┌─ Stored data

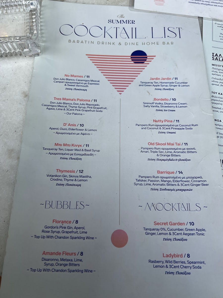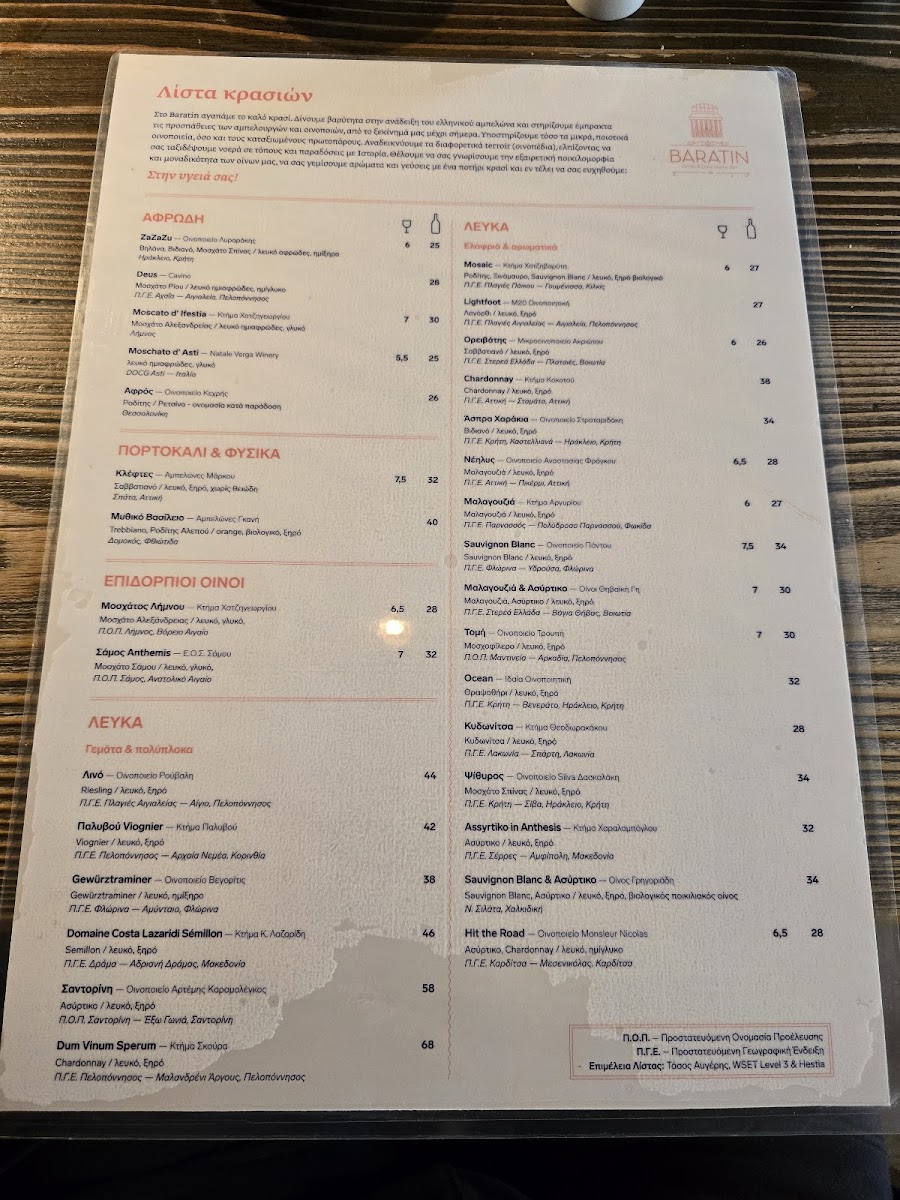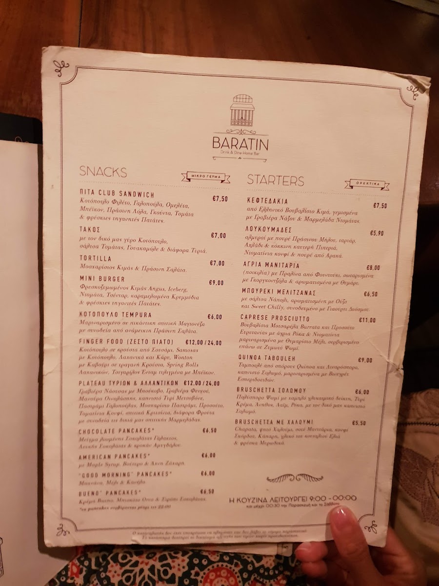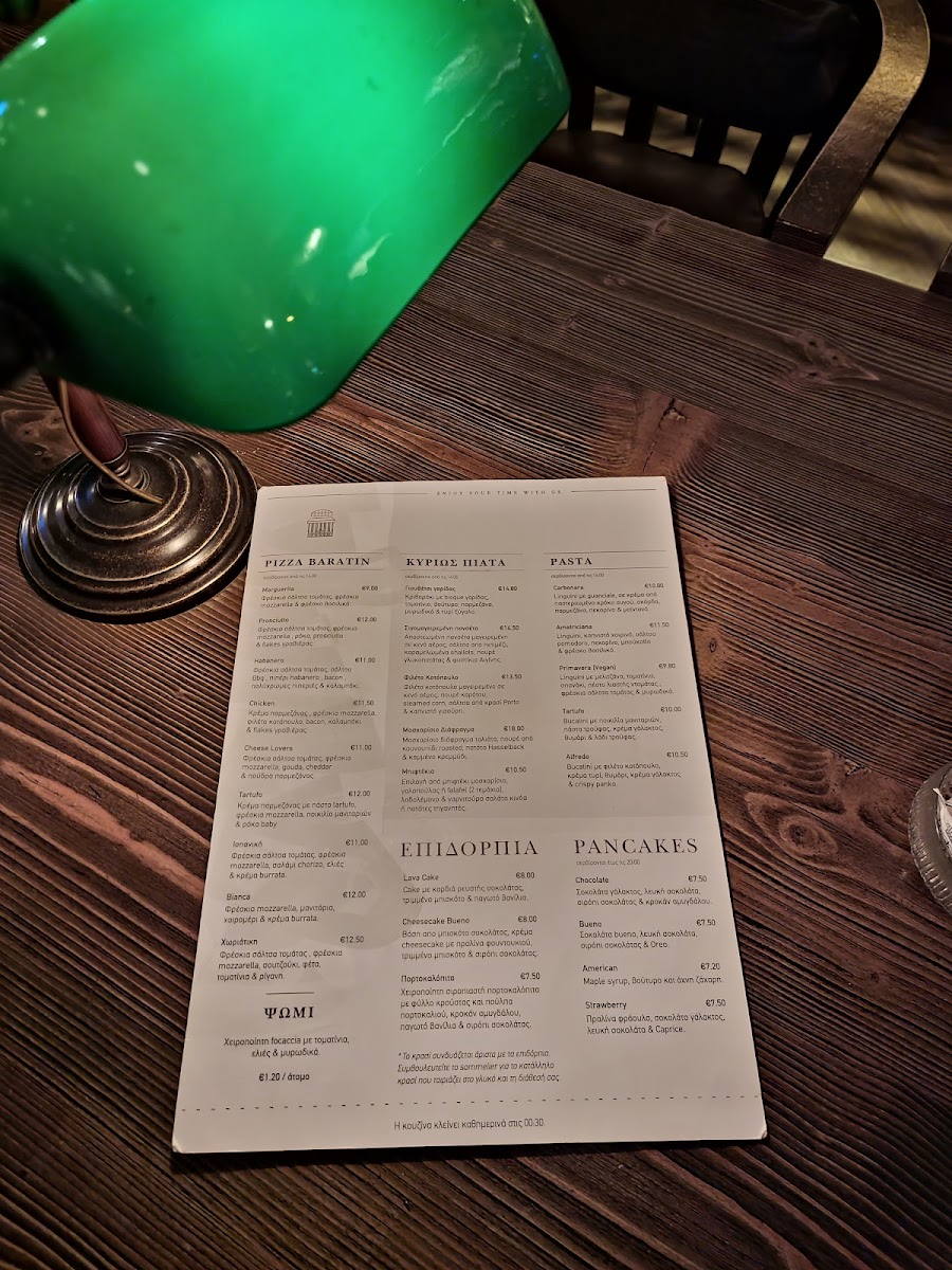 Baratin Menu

└─
┌─ Stored data

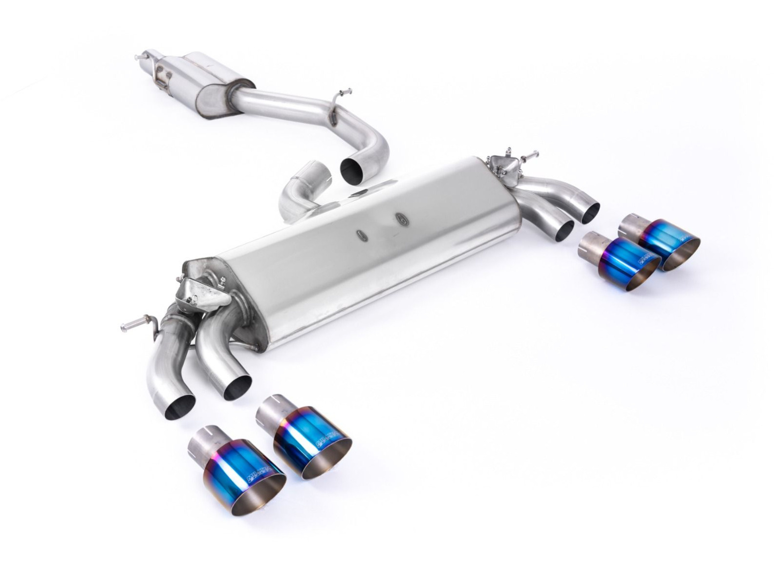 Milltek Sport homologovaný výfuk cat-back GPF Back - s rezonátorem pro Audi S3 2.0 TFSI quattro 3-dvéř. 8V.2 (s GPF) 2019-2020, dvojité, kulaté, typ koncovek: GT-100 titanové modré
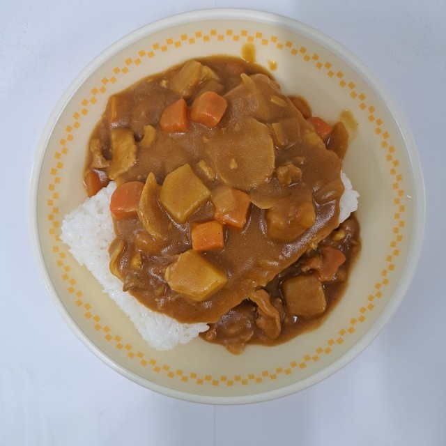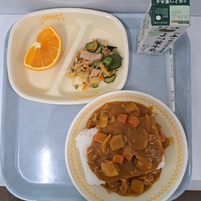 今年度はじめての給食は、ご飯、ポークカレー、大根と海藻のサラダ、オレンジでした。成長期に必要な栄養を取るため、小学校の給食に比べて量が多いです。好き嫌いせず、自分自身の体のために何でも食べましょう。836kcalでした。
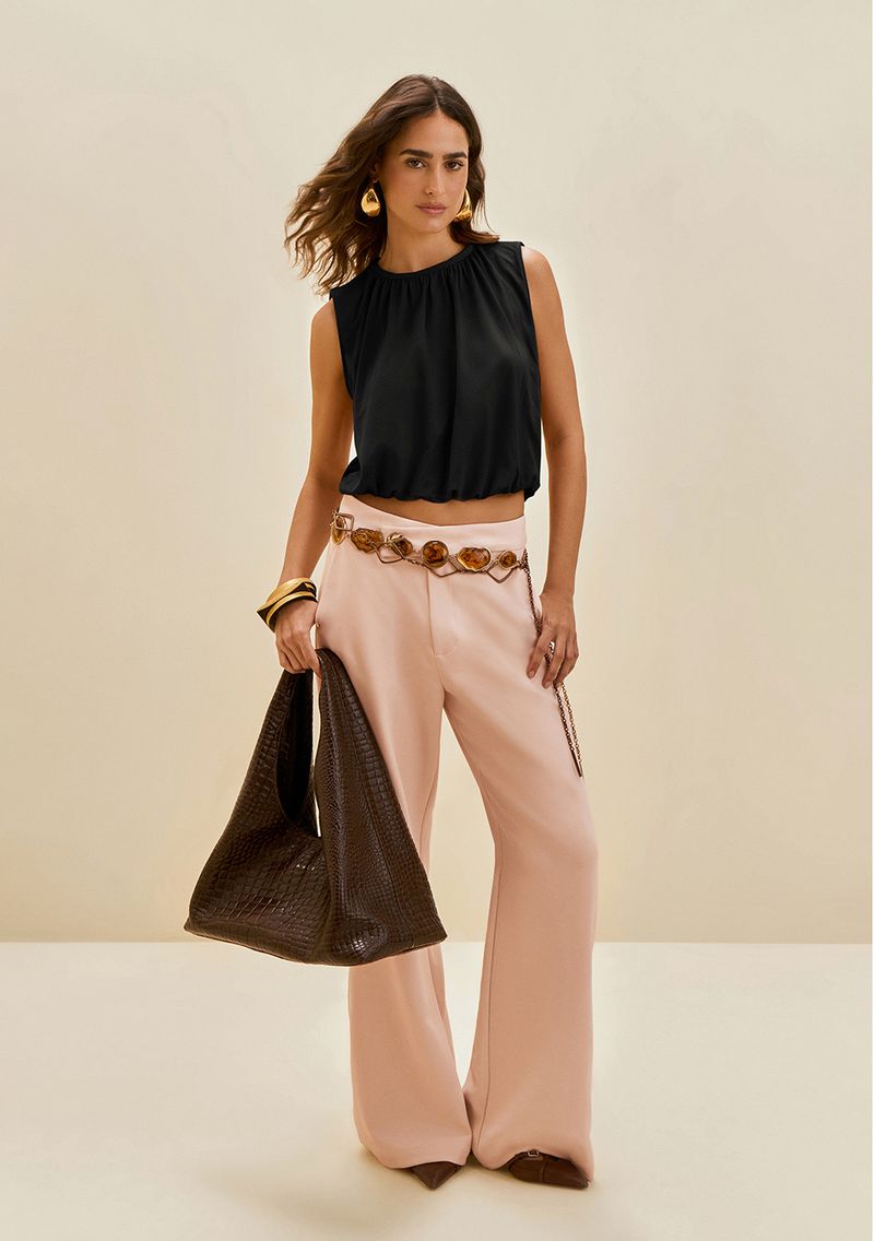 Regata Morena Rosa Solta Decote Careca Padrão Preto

└─
┌─ Stored data

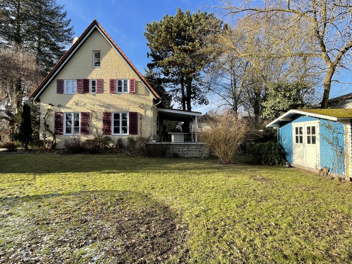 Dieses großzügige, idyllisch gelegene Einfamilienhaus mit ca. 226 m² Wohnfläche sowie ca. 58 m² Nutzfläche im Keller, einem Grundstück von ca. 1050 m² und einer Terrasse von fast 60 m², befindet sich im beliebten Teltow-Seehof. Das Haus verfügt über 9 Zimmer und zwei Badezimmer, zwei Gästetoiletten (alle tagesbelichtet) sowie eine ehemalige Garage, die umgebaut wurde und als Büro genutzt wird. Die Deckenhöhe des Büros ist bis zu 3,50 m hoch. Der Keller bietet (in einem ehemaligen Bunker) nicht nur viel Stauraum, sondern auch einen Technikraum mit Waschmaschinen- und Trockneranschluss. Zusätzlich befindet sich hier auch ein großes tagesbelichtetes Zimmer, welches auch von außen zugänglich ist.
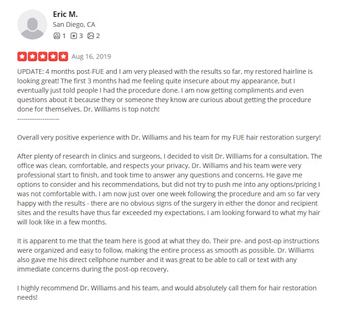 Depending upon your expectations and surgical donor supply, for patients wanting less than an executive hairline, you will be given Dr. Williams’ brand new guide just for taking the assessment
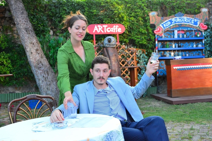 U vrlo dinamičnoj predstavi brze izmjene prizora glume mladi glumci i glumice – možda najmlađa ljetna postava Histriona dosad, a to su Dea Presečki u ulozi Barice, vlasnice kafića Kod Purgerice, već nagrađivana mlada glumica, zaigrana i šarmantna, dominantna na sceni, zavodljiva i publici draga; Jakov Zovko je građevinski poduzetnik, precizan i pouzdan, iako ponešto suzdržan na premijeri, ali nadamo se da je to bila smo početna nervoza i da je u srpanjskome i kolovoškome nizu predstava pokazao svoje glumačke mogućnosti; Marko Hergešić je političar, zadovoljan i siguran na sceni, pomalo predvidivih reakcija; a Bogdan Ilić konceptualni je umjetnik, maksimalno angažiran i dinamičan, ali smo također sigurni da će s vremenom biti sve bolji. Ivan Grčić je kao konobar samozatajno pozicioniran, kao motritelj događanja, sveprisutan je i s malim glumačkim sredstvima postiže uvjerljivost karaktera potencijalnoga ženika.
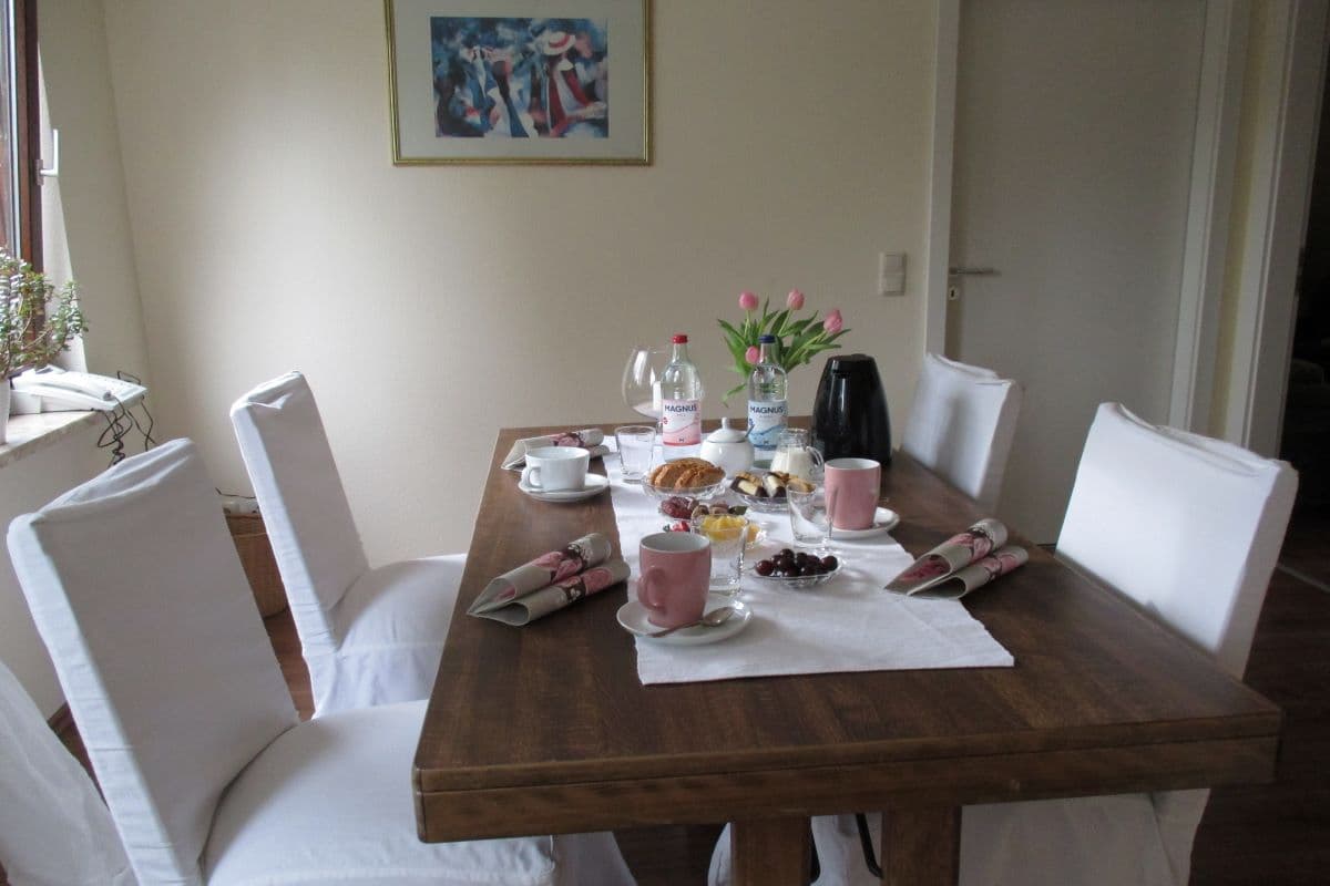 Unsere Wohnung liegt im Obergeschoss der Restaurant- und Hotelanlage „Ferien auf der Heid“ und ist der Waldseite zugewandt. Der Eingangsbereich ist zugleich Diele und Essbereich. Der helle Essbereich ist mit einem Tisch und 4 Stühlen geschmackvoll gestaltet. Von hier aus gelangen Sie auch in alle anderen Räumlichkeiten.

└─

- **Work task**
For this exercise, set down the lines in the entries above from the one with "今年度はじめての給食は、ご飯" through the one with "Regata Morena Rosa" exactly as written, without any pictures.

- **Solution for this problem**
 今年度はじめての給食は、ご飯、ポークカレー、大根と海藻のサラダ、オレンジでした。成長期に必要な栄養を取るため、小学校の給食に比べて量が多いです。好き嫌いせず、自分自身の体のために何でも食べましょう。836kcalでした。
 Regata Morena Rosa Solta Decote Careca Padrão Preto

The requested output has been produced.